Exercise 1 - Co-occurrence Matrix
Write a co-occurrence matrix for the following sentence:
“A bird in the hand is worth two in the bush.”
Count each word only if it appears directly after the reference word. Is the co-occurrence matrix unique?
Solution
The solution is not unique because we can change the order of the reference entries.
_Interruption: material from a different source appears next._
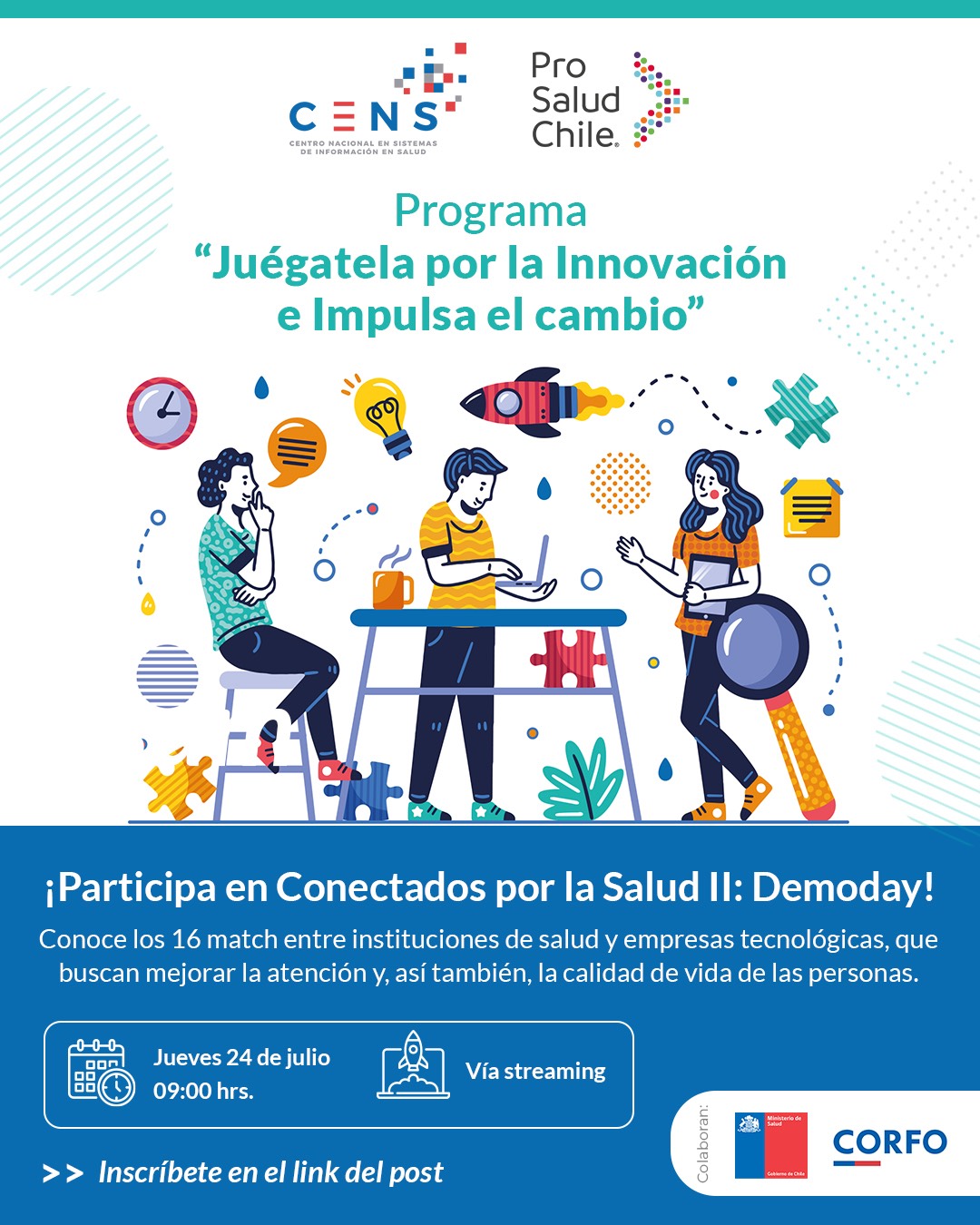 En este contexto, el próximo 24 de julio se realizará el evento “Conectados por la Salud II: Demoday”, durante el cual se presentarán las soluciones tecnológicas seleccionadas para pilotaje. Esta actividad se transmitirá en vivo de forma abierta por streaming. Para participar, las inscripciones son AQUÍ.

In our case we will simply follow the intuitive ordering resulting in the following co-occurence matrix:
| Reference | A | bird | in | the | hand | is | worth | two | bush |
|---|---|---|---|---|---|---|---|---|---|
| A | 0 | 1 | 0 | 0 | 0 | 0 | 0 | 0 | 0 |
| bird | 0 | 0 | 1 | 0 | 0 | 0 | 0 | 0 | 0 |
| in | 0 | 0 | 0 | 2 | 0 | 0 | 0 | 0 | 0 |
| the | 0 | 0 | 0 | 0 | 1 | 0 | 0 | 0 | 1 |
| hand | 0 | 0 | 0 | 0 | 0 | 1 | 0 | 0 | 0 |
| is | 0 | 0 | 0 | 0 | 0 | 0 | 1 | 0 | 0 |
| worth | 0 | 0 | 0 | 0 | 0 | 0 | 0 | 1 | 0 |
| two | 0 | 0 | 0 | 0 | 0 | 0 | 0 | 0 | 0 |
| bush | 0 | 0 | 0 | 0 | 0 | 0 | 0 | 0 | 0 |
Exercise 2 - Convolutional Layers
Consider the following \(4\times 4 \times 1\) input X and a \(2\times 2 \times 1\) convolutional kernel K with no bias term
\[ X = \bpmat 1 & 0 & -2 & 1 \\ 0 & 1 & 1 & 0 \\ 0 & 1 & 0 & 1 \\ -3 & 4 & 0 & 0 \epmat, \qquad % K = \bpmat 2, & 1 \\ 0, & 1 \\ \epmat \]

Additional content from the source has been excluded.